Donna was in shock. "What?"

"You used to love Easter egg hunts," said Wilf. "You had quite the sweet tooth, still do."

"It's not the same for them, Gramps. They're Time Lord. They can find anything. Some sort of heightened sense of smell and sight and chocolate's not good for them-"

"They don't know they're not like other children."

"What?"

"They don't know they have heightened senses. It's the only senses they've ever had. Zara doesn't know she's cleverer than everyone else. She doesn't know any different. You're the one who seems to think they're strange."

"I don't think they're strange- okay, sometimes I do- but I love them more than anything. I'd do anything for them."

"I know you would."

"I just want them to have a normal life... sometimes. They were up the walls on chocolate, Gramps. Literally."

"Have you even given them their Easter baskets?"

"Well, no, I-" Donna froze. "Oh, God. I'm a horrible mother."

Wilf smiled. "Of course you're not, sweetheart. Just take them home and give them their treats."

Donna gave Wilf a hug. "Thank you, Gramps."


Donna dragged four Time Lords with chocolate hangovers home. They immediately crashed into the sitting room ending up in the sitting room in the same state they had been in Sylvia's, only Esther was crashed among them, the last remnants of pink handprints still visible on the white fur of her coat. She went upstairs to where she had hidden the children's baskets in the airing closet and went back down to her strung out Time Lords.

"Children," said Donna, "I went upstairs and found these. The Easter Bunny must have mislaid them."

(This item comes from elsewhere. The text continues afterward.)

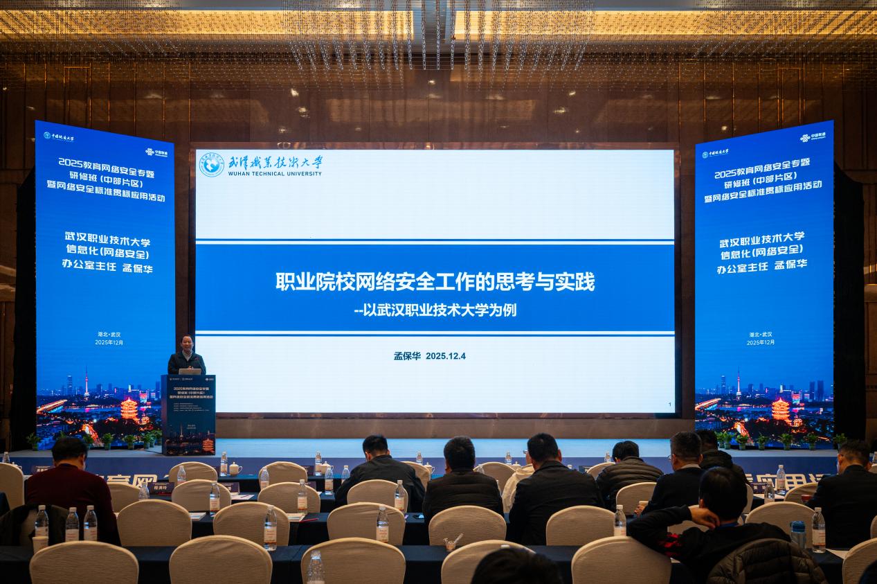 通讯员(马胜文 但祖生)近日,由教育部教育管理信息中心主办的“2025教育网络安全专题研修班(中部片区)暨网络安全标准贯标应用活动”在湖北武汉成功举办。来自中部地区各级教育行政部门、高等院校的网络安全负责人、行业代表与技术骨干齐聚一堂,共同探讨当前教育网络安全面临的挑战与对策。武汉职业技术大学信息化(网络安全)办公室主任孟保华应邀出席,并作题为《职业院校网络安全工作的思考与实践》的专题报告,系统分享了该校在网络安全领域的深入思考与创新实践,获得了与会同仁的广泛关注与好评。

Zara pulled up her sunglasses and peered at the contents. "You said we couldn't have chocolate."

"Well, I don't want you having too much," said Donna. "Look, though, the Easter Bunny's brought all sorts of treats. Bananas, Jelly Babies, toys, even a new film."

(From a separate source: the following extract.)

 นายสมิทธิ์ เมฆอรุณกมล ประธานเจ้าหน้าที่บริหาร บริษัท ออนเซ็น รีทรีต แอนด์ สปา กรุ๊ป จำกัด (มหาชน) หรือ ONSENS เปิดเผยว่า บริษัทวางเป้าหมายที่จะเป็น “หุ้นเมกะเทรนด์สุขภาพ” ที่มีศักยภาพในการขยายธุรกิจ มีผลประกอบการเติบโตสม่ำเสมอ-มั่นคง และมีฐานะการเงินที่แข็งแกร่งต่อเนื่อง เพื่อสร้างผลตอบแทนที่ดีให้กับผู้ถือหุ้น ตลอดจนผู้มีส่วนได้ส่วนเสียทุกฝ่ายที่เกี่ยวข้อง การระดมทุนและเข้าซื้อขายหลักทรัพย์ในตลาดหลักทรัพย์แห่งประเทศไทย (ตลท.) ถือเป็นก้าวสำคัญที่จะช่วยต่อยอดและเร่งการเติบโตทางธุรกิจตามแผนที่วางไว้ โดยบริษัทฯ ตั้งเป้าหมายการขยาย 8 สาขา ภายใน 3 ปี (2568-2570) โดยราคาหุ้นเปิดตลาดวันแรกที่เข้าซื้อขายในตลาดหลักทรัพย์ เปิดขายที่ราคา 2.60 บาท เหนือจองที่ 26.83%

The children still eyed her skeptically. Donna put them on the tea table, feeling as if she was dealing with a skittish dog.

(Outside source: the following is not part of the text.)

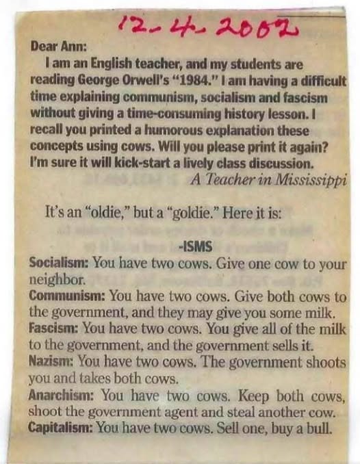 🤠 the differences among socialism, fascism, communism, & capitalism: "Cowboy Style"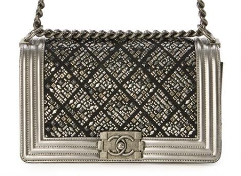 2542/1269Chanel: A "Boy" bag of silver leather with decorations, silver tone hardware and chain strap.

"Alright, what's your plan?," asked the Doctor.

Donna frowned. "I'm sorry?"

He narrowed his eyes. "The baskets. What's behind all this?"

"Would you stop talking to me like I'm a Pyrovile or a giant spider?"

"Why should I?," he said accusingly.

Donna sighed and grabbed him a Cadbury egg out of Zara's basket. She put it in his hand. "Here."

"What?"

"Hair of the dog. Only hangover cure I know. Besides, having you lot hopped up again is still better than this." She looked at the children. "Look, Mummy was wrong and yes, Zara, it is stupid of Harrod's to make you go on an egg hunt and not give you anything at the end and I'm sorry you didn't win the hamper even though you did the hunt quickest and found all the eggs."

"Oh, this is good," said the Doctor, suddenly perking up. "Sorry, what were we talking about?"

"Are you all going to take your baskets or shall I find some other children?"

"No," said the girls, lunging at the tea table for their baskets. The Doctor took Geoffrey's and sat next to the baby showing him the little toys.

Esther stared expectantly up at Donna.

"I've not forgotten you," said Donna. She walked to the mantel and took down a brand new rawhide and tossed it. Esther ran in pursuit. She looked back at her family. "Happy Easter."

"Happy Easter, Mummy," said Zara.

Donna sat down next to her girls and took a packet of Cadbury buttons.